(Records excerpted from a collection)
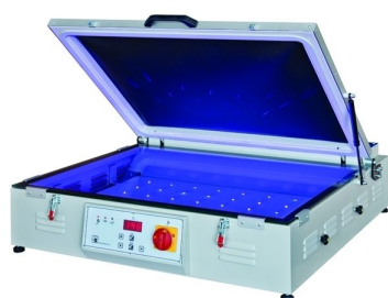
Simple and more economic exposure units available
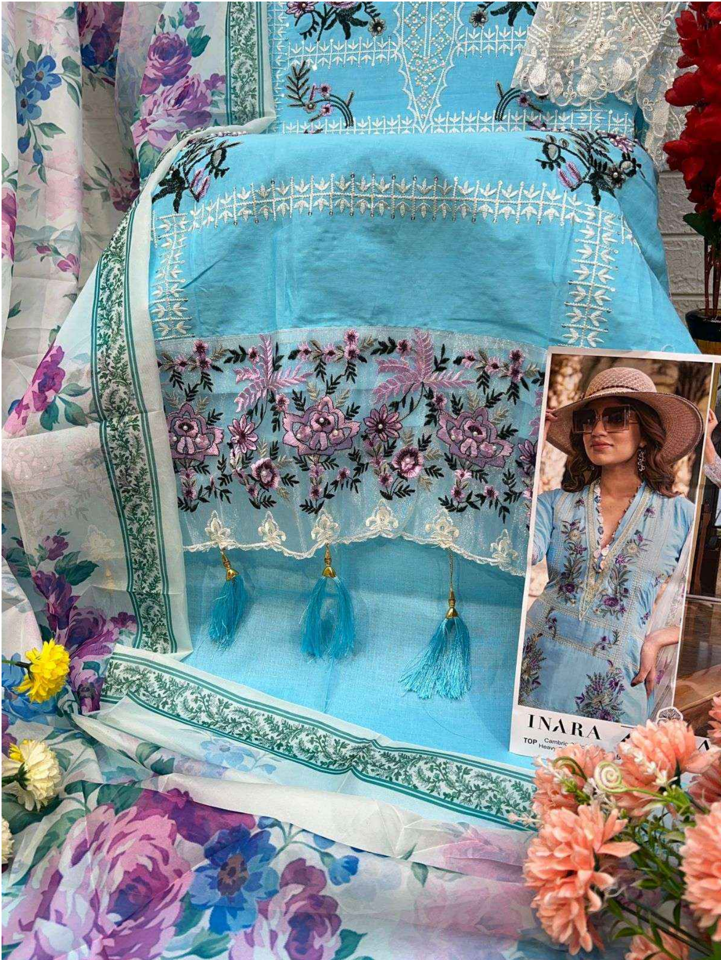
INARA TOP Cambric Heavy
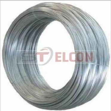
Hot Dip GI Wire
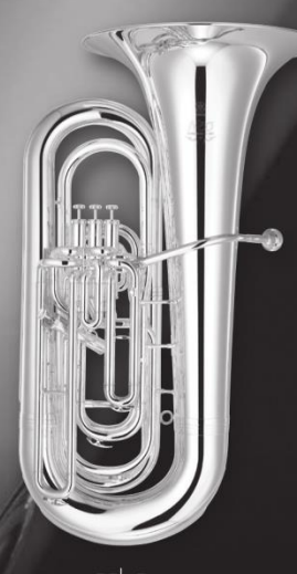
BB<sup>b</sup> Bass YBB632S NEO
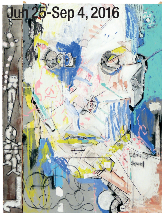
Gary Birdn | PORTRAIT WITH AQUATICS

All current Museum members may enter two pieces of artwork; at least one will be included in the show.
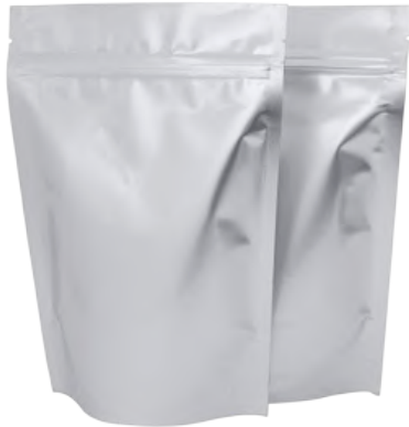
Matt Silver/Matt Silver
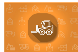
Construction, Manufacturing & Industry
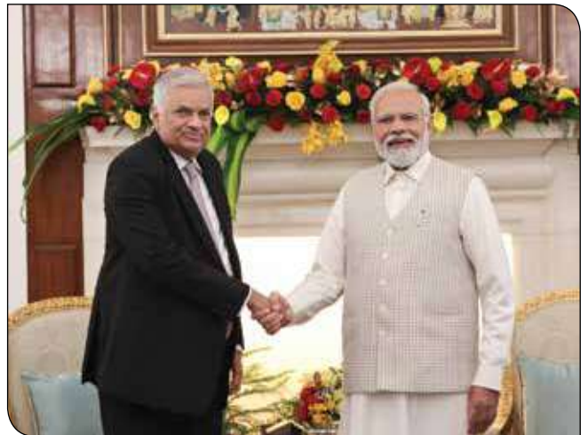
PM Shri Narendra Modi meets with the President of Sri Lanka, Sri Ranil Wickremesinghe in New Delhi on July 21, 2023
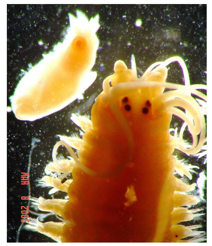
Figure 3. Platynereis bicanaliculata with an unhatched squid
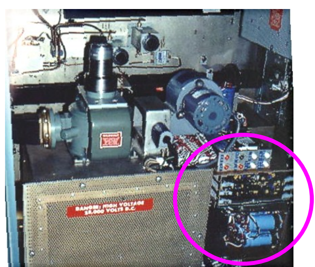
Solid State Modulator Upgrade Applicable To Many Existing Thyratron Radars
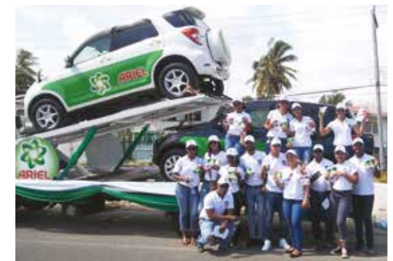
It was a great Christmas for some customers in Guyana as the ANSA McAL Trading (Guyana) – Proctor and Gamble team launched an exciting promotion for the ARIEL brand
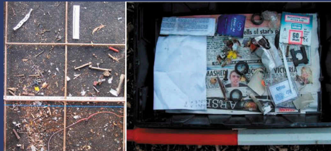
Above: Artefact scatter and objects recovered during excavation

The beetle assemblage was heavily dominated by woodworm, Anobium punctatum (12% all individuals). These are accompanied by a community of 13 other woodland, including bark beetles (e.g. Dryocoetinus villosus ), canopy taxa ( Phyllobius pyri , Polydrusus cervinus ), predatory taxa (e.g. Cerylon histeroides ) and taxa of heavily decomposed wood ( Orthoperus sp.). This implies that the wooden panel flooring of the vehicle was in an advanced state of decay.
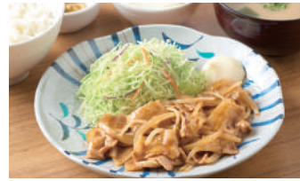
Ginger Pork Teishoku
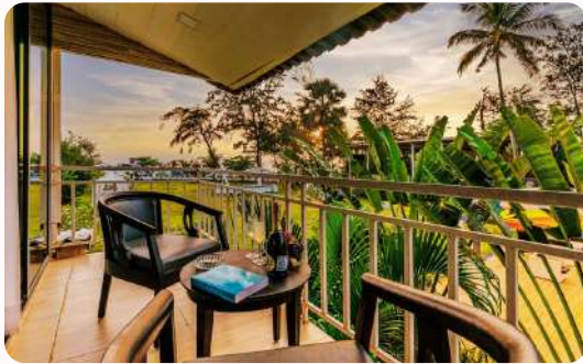
Premium Room with sea view

Whether you're a solo traveler, couple or family, Foxoso La Beach Resort has something for everyone. From luxurious suites to cozy cottages, our accommodations provide comfort, convenience, and a relaxing ambiance. You can also enjoy stunning views of the ocean from your room.
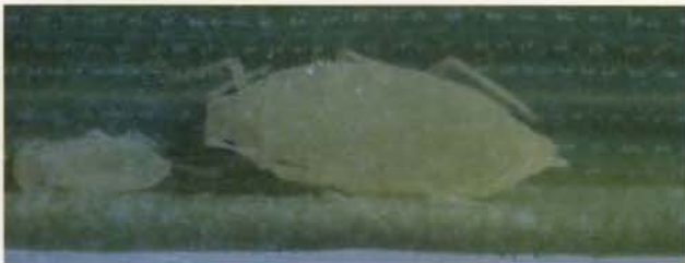
Figure 2. Russian wheat aphid. The short projection above the tail (far right on photo) gives the aphid a double-tailed appearance characteristic of this species.
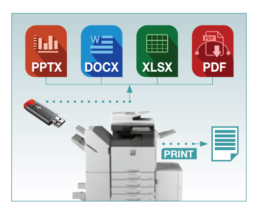
Direct print to popular file formats seamlessly with Sharp's available direct print expansion kit.<sup>1</sup>
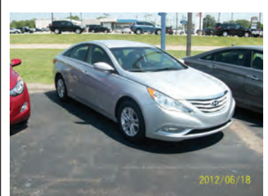
Stock number 13015, $22,113.
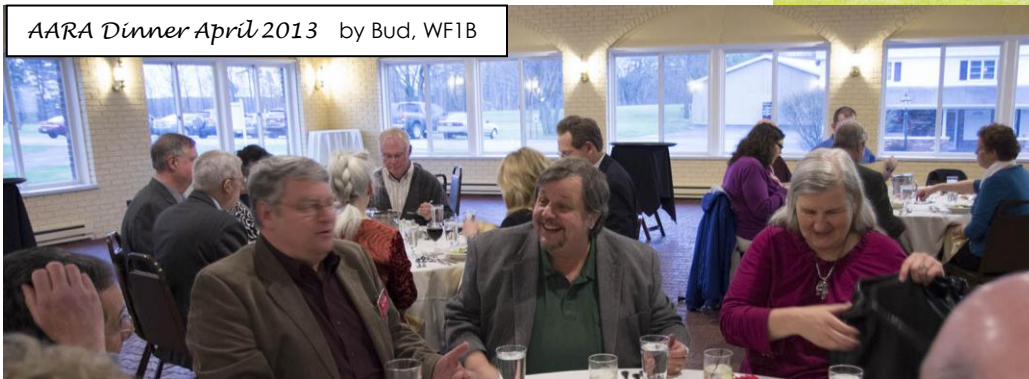
AARA Dinner April 2013

ATVET Albany Troy Volunteer Examiner Team
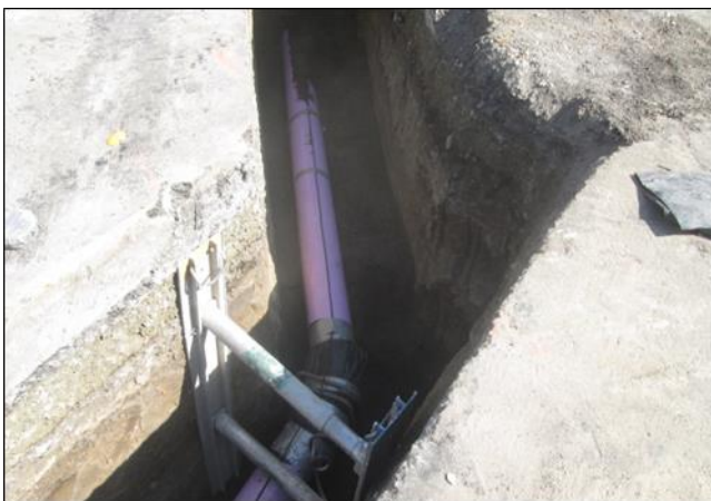
Change in Grade
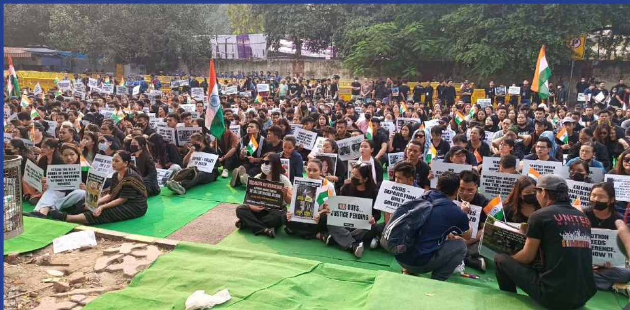
Sit-in Protest at Jantar Mantar, New Delhi jointly organised by Joint Unau Delhi Tribal Students' Forum, Delhi; Kuki-Zo Women's Forum, Delhi; and Unau Tribal Women's Forum, Delhi
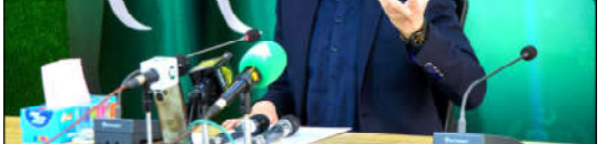
ISLAMABAD: Federal Minister for Information and Broadcasting Attaullah Tarar addressing a press conference.

Prime Minister Shehbaz Sharif had invited the Prime Minister of Malaysia to visit Pakistan on the occasion of the World Economic Forum in Riyadh. Tarar informed that Halal meat and rice exports from Pakistan to Malaysia will be increased and initially one hundred thousand tons of rice will be exported.

■ PROBLEM TO WORK ON ■
Line by line, write out the records above exactly, skipping the pictures.

■ EXERCISE RESPONSE ■
Simple and more economic exposure units available
INARA TOP Cambric Heavy
Hot Dip GI Wire
BB<sup>b</sup> Bass YBB632S NEO
Gary Birdn | PORTRAIT WITH AQUATICS

All current Museum members may enter two pieces of artwork; at least one will be included in the show.
Matt Silver/Matt Silver
Construction, Manufacturing & Industry
PM Shri Narendra Modi meets with the President of Sri Lanka, Sri Ranil Wickremesinghe in New Delhi on July 21, 2023
Figure 3. Platynereis bicanaliculata with an unhatched squid
Solid State Modulator Upgrade Applicable To Many Existing Thyratron Radars
It was a great Christmas for some customers in Guyana as the ANSA McAL Trading (Guyana) – Proctor and Gamble team launched an exciting promotion for the ARIEL brand
Above: Artefact scatter and objects recovered during excavation

The beetle assemblage was heavily dominated by woodworm, Anobium punctatum (12% all individuals). These are accompanied by a community of 13 other woodland, including bark beetles (e.g. Dryocoetinus villosus ), canopy taxa ( Phyllobius pyri , Polydrusus cervinus ), predatory taxa (e.g. Cerylon histeroides ) and taxa of heavily decomposed wood ( Orthoperus sp.). This implies that the wooden panel flooring of the vehicle was in an advanced state of decay.
Ginger Pork Teishoku
Premium Room with sea view

Whether you're a solo traveler, couple or family, Foxoso La Beach Resort has something for everyone. From luxurious suites to cozy cottages, our accommodations provide comfort, convenience, and a relaxing ambiance. You can also enjoy stunning views of the ocean from your room.
Figure 2. Russian wheat aphid. The short projection above the tail (far right on photo) gives the aphid a double-tailed appearance characteristic of this species.
Direct print to popular file formats seamlessly with Sharp's available direct print expansion kit.<sup>1</sup>
Stock number 13015, $22,113.
AARA Dinner April 2013

ATVET Albany Troy Volunteer Examiner Team
Change in Grade
Sit-in Protest at Jantar Mantar, New Delhi jointly organised by Joint Unau Delhi Tribal Students' Forum, Delhi; Kuki-Zo Women's Forum, Delhi; and Unau Tribal Women's Forum, Delhi
ISLAMABAD: Federal Minister for Information and Broadcasting Attaullah Tarar addressing a press conference.

Prime Minister Shehbaz Sharif had invited the Prime Minister of Malaysia to visit Pakistan on the occasion of the World Economic Forum in Riyadh. Tarar informed that Halal meat and rice exports from Pakistan to Malaysia will be increased and initially one hundred thousand tons of rice will be exported.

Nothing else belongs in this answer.